Anthony Walters

No. 37, 49
- Position:: Safety

Personal information
- Born:: September 19, 1988 (age 36) Philadelphia, Pennsylvania, U.S.
- Height:: 6 ft 1 in (1.85 m)
- Weight:: 207 lb (94 kg)

Career information
- High school:: Cardinal O'Hara (Springfield, Pennsylvania)
- College:: Delaware
- Undrafted:: 2011

Career history
- Chicago Bears (2011−2013); Arizona Cardinals (2014)*; Chicago Bears (2014); Arizona Cardinals (2015)*;
- * Offseason and/or practice squad member only

Career highlights and awards
- Third-team All-American (2009); 2× All-CAA (2009, 2010);

Career NFL statistics
- Total tackles:: 21
- Fumble recoveries:: 1
- Stats at Pro Football Reference

= Anthony Walters (American football) =

American football player (born 1988)

Anthony Walters (born September 19, 1988) is an American former professional football player who was a safety in the National Football League (NFL). He played college football for Delaware Fightin' Blue Hens and was signed by the Chicago Bears as an undrafted free agent on July 26, 2011.

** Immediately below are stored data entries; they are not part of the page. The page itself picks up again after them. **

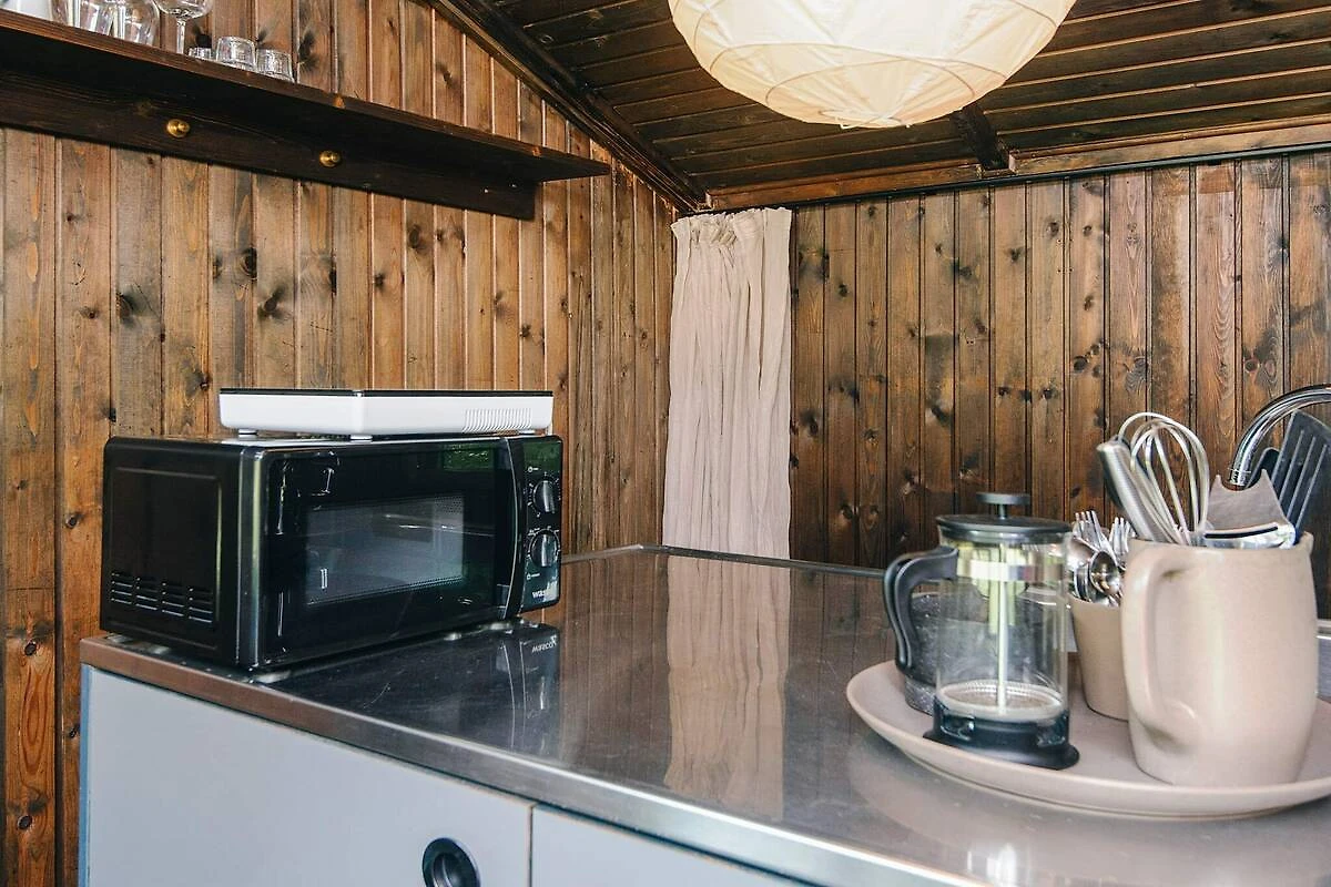 Wohnzimmer(Doppelbett, TV(dänische Fernsehsender), Chromecast), Küche(Kochherd(2 Kochplatten), Kaffeemaschine, Mikrowelle, Kühlschrank(+ Gefrierfach)), Schlafzimmer(2x Etagenbett), Badezimmer(Waschbecken, Dusche, Toilette), Heizung(elektrisch), Terrasse, Gartenmöbel
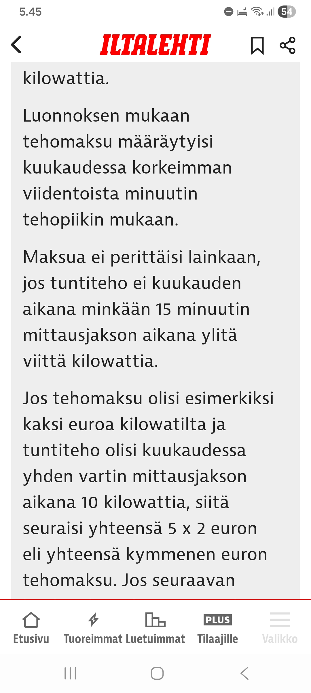 On vaikea nähdä, miten tämä palvelisi energiansäästöä tai kulutusjoustoa. Päinvastoin: tehomaksu rankaisee nimenomaan niitä, jotka yrittävät toimia järkevästi. Kun kulutusta ohjataan halvoille tunneille, kaikki laitteet käynnistyvät samaan aikaan – ja juuri silloin syntyy se piikki, josta tehomaksu veloitetaan. Yksi ainoa 15 minuutin jakso voi nostaa koko kuukauden laskun.
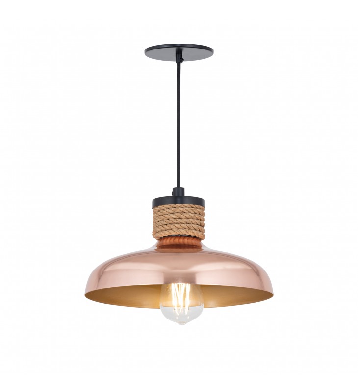 Drawing inspiration from industrial warehouse or farmhouse lighting, these classic shades feature a rayon fabric adjustable cord and hand-wound rope detail. The rustic elements are paired with spun metal shades available in a Copper finish or reflective June Bug finish.
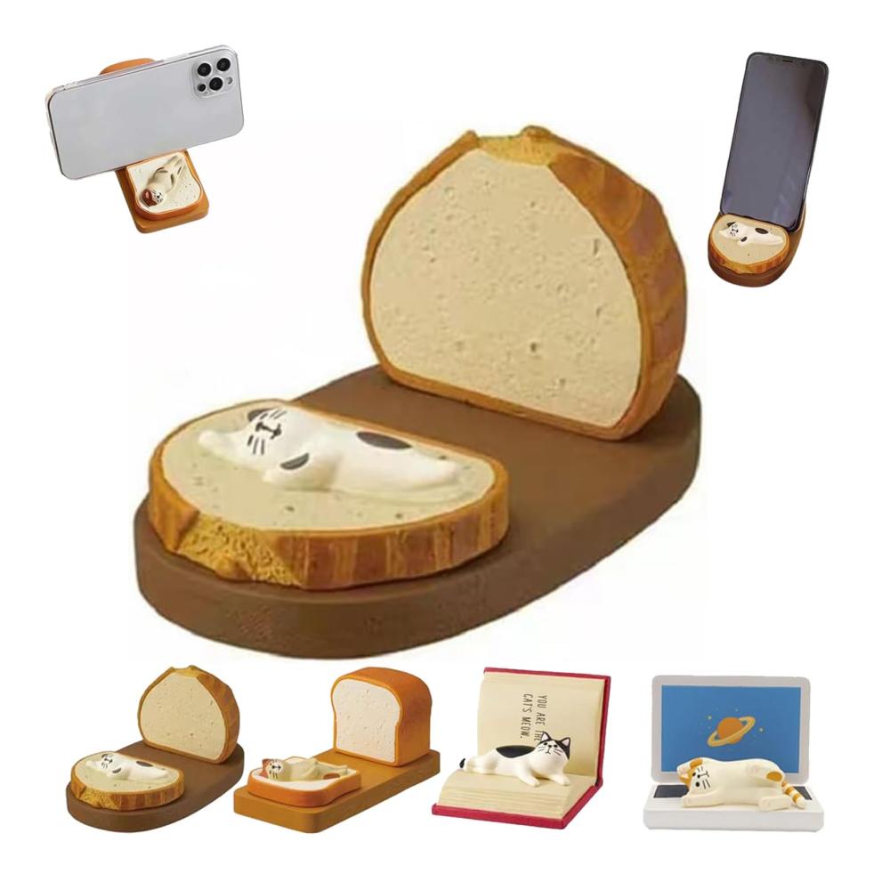 Willkommen in unserem Shop! Handy Ständer | Katze Liegend auf Brot, Harz Handy Halter Tiere Verzierungen Ständer, Cartoon Katze Desktop Handy Halter, Schreibtisch Home Geburtstagsgeschenk Verzierungen, Schreibtisch Home Dekor Geschenke.
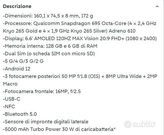 Ottimo smartphone MOTOROLA G82 5G grigio, memoria 128/6 GB ram, display 6,6' Amoled, dual-sim o sim+sd, aggiornato ad Android 13, usato poco e tenuto sempre con cover e pellicola sullo schermo. Batteria sempre usata con protezione di carica, comparto fotografico eccellente. In confezione originale con accessori originali, in più cover trasparente e nuova pellicola. Dettaglio caratteristiche in foto allegata, chiedere x altre foto o info. In alternativa a Subito, anche ritiro a mano a Como o in zona Erba(CO) o spedizione economica.
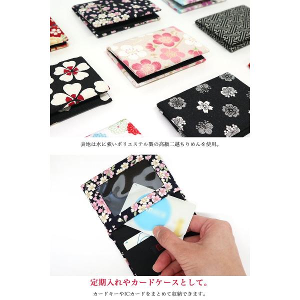 パスケース 定期券入れ カードケース JR バス 電車 suica 二つ折り 和柄 レディース 二越 ちりめん 日本製 和KOMONO 小紋工房 雑貨 UNI-0208
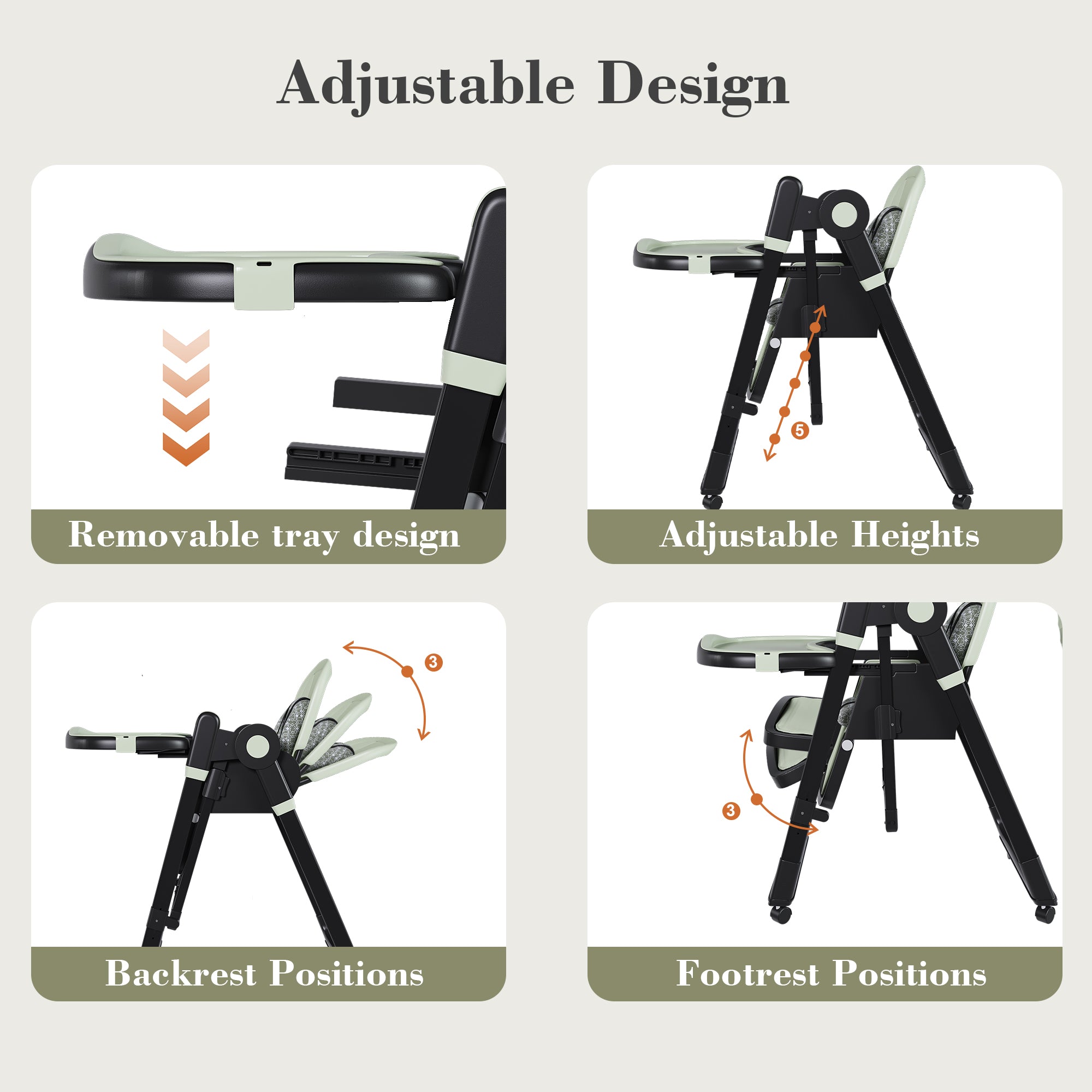 - Adjustable Dining & Play Tray: Features a detachable 2-tier tray (meal zone + activity area) with 3-position adjustments to accommodate growing children and activities.
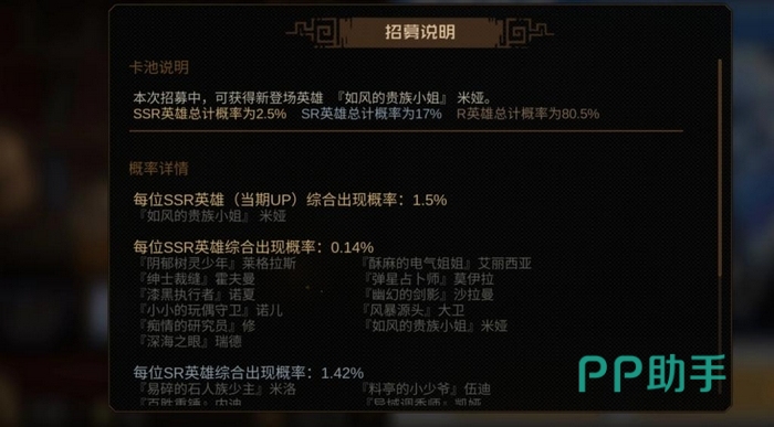 根据官方公布的卡池概率说明,SSR稀有度角色基础出率合计为2.5%,其中当期UP卡池中指定SSR角色的综合获取概率为1.5%;而单个SSR角色(含非UP常驻池)的独立出现概率稳定在0.14%。SR角色概率为17%,R级角色占比80.5%,三档稀有度构成完整掉落梯度。
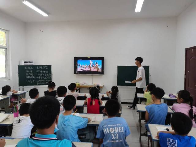 7月26日上午“星河长明”实践团于山东省鄄城县董口镇宋楼村小荷学堂开展防疫及红色专题教育课程。
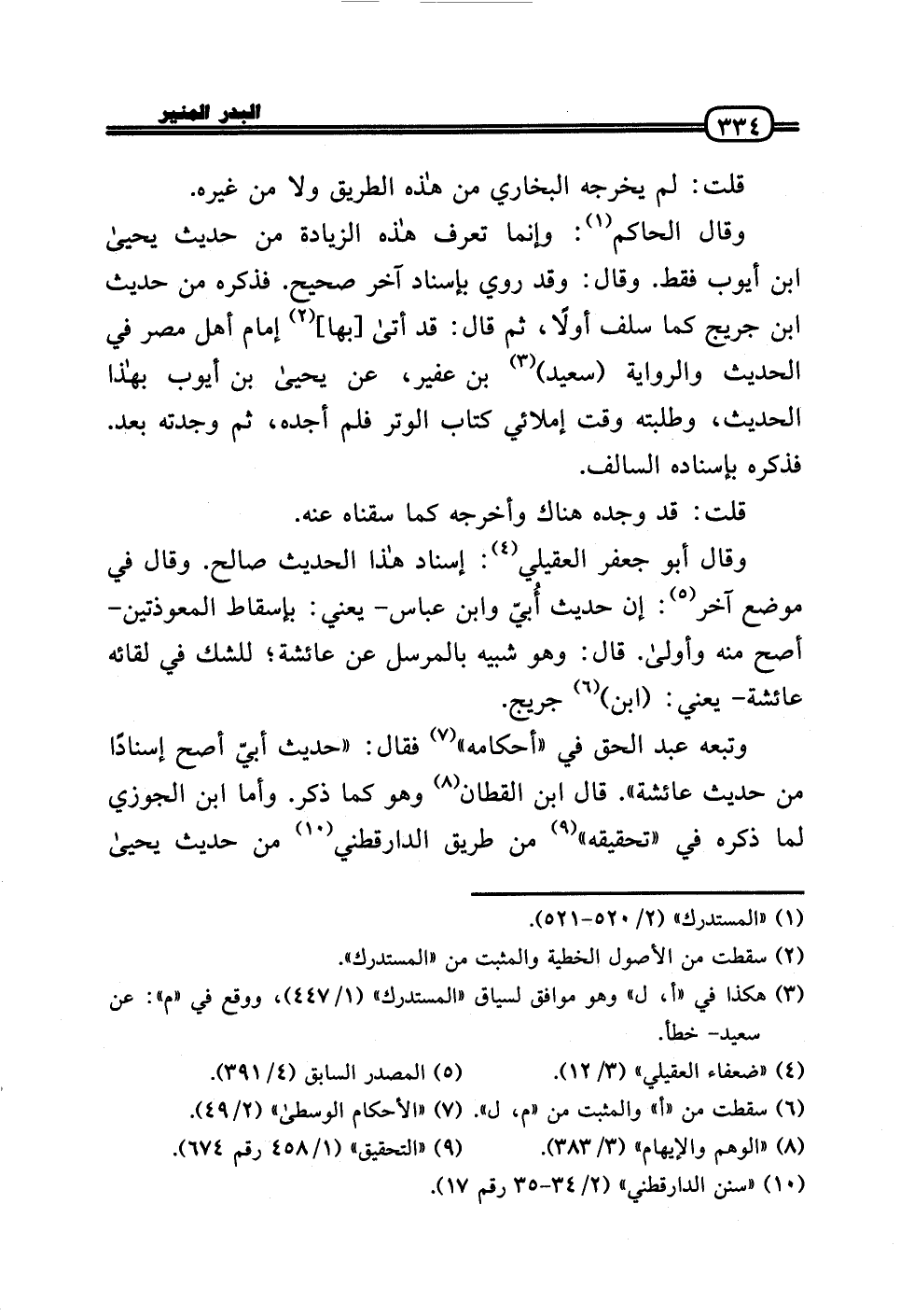 وَقَالَ الْحَاكِم: وَإِنَّمَا تعرف هَذِه الزِّيَادَة من حَدِيث يَحْيَى بن أَيُّوب فَقَط. وَقَالَ: وَقد رُوِيَ بِإِسْنَاد آخر صَحِيح. فَذكره من حَدِيث ابْن جريج كَمَا سلف أَولا، ثمَّ قَالَ: قد أَتَى [بهَا] إِمَام أهل مصر فِي الحَدِيث وَالرِّوَايَة (سعيد) بن عفير، عَن يَحْيَى بن أَيُّوب بِهَذَا الحَدِيث، وطلبته وَقت إملائي كتاب الْوتر فَلم أَجِدهُ، ثمَّ وجدته بعد. فَذكره بِإِسْنَادِهِ السالف.
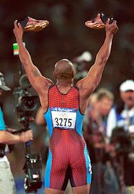 Американский легкоатлет Майкл Джонсон после выступления на XXVII летних Олимпийских играх.
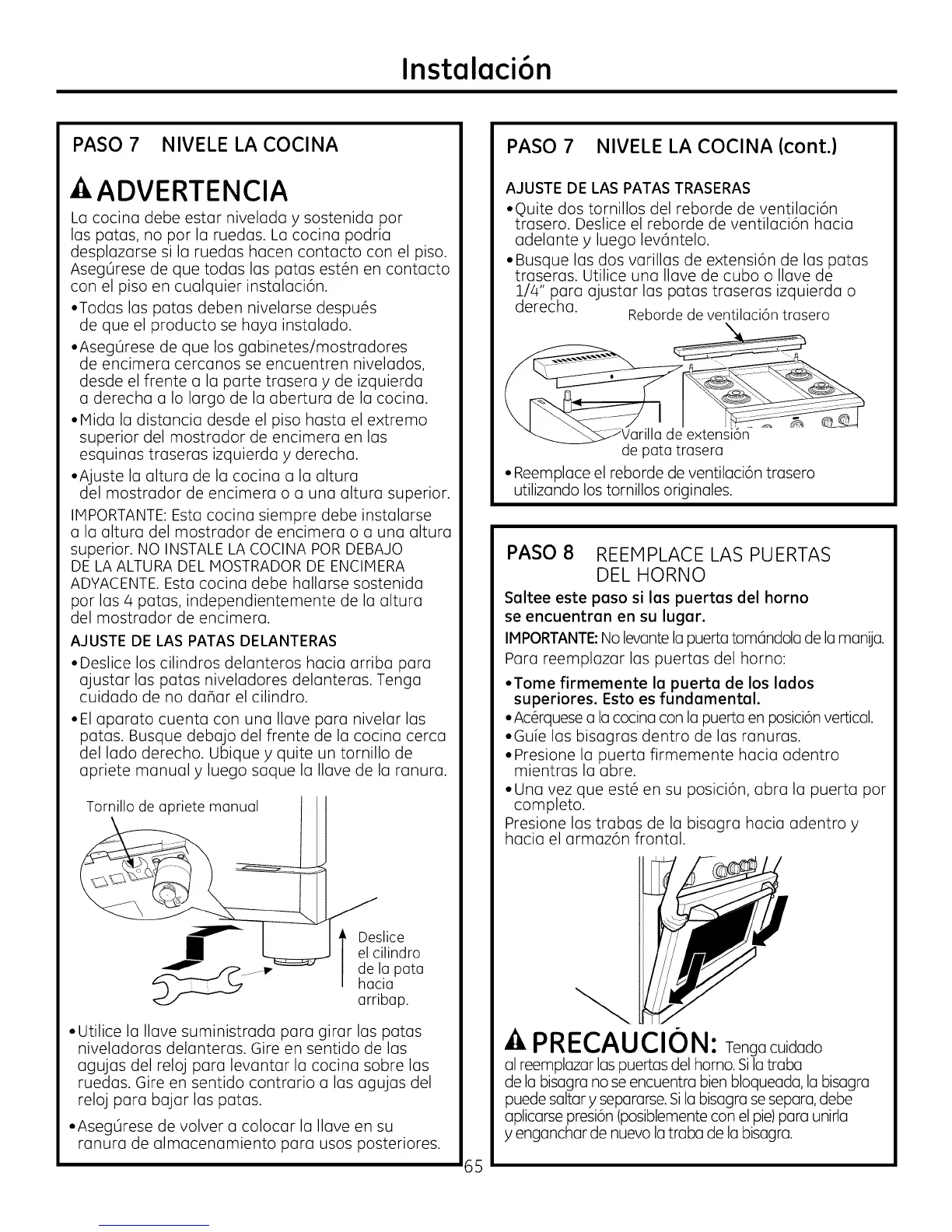 •El aparato cuenta con una Ilave para nivelar las

He also played for the Arizona Cardinals.

==College career==
Walters played at the University of Delaware, and played in all 50 games he appeared in, recording 258 tackles, 12 tackles for losses, one sack, 16 interceptions, and 31 passes broken up. Walters ranks second all-time in school history in pass breakups and fourth in interceptions.

==Professional career==

===Chicago Bears===
After being signed by the Bears, Walters spent the first five weeks on the practice squad, and was elevated on October 11 after Winston Venable was released. However, on November 16, Walters was placed on injured reserve after sustaining a hamstring injury. In the third game of the 2012 preseason against the New York Giants, Walters tipped a David Carr pass to teammate Isaiah Frey with 1:06 left in the game, giving the Bears a 20-17 victory. In Week 15 against the Green Bay Packers, Walters recovered a fumbled lateral, but the Bears failed to capitalize on the recovery, and the Bears lost 21-13. Walters made his first career start in Week 17 against the Detroit Lions after an injury to Chris Conte. In 2013, Walters ranked fifth among Bears players in special teams tackles with 10. Walters became a restricted free agent after the 2013 season.

===Arizona Cardinals===
On May 14, 2014, Walters signed a one-year deal with the Arizona Cardinals. The Cardinals released Walters on August 30, 2014.

===Second stint with the Bears===
On November 29, 2014, Walters was brought back by the Bears, playing in the final four games of the season. He was released on April 2, 2015.

===Second stint with the Cardinals===
On August 18, 2015, Walters was signed by the Cardinals. On September 5, 2015, he was released by the Cardinals.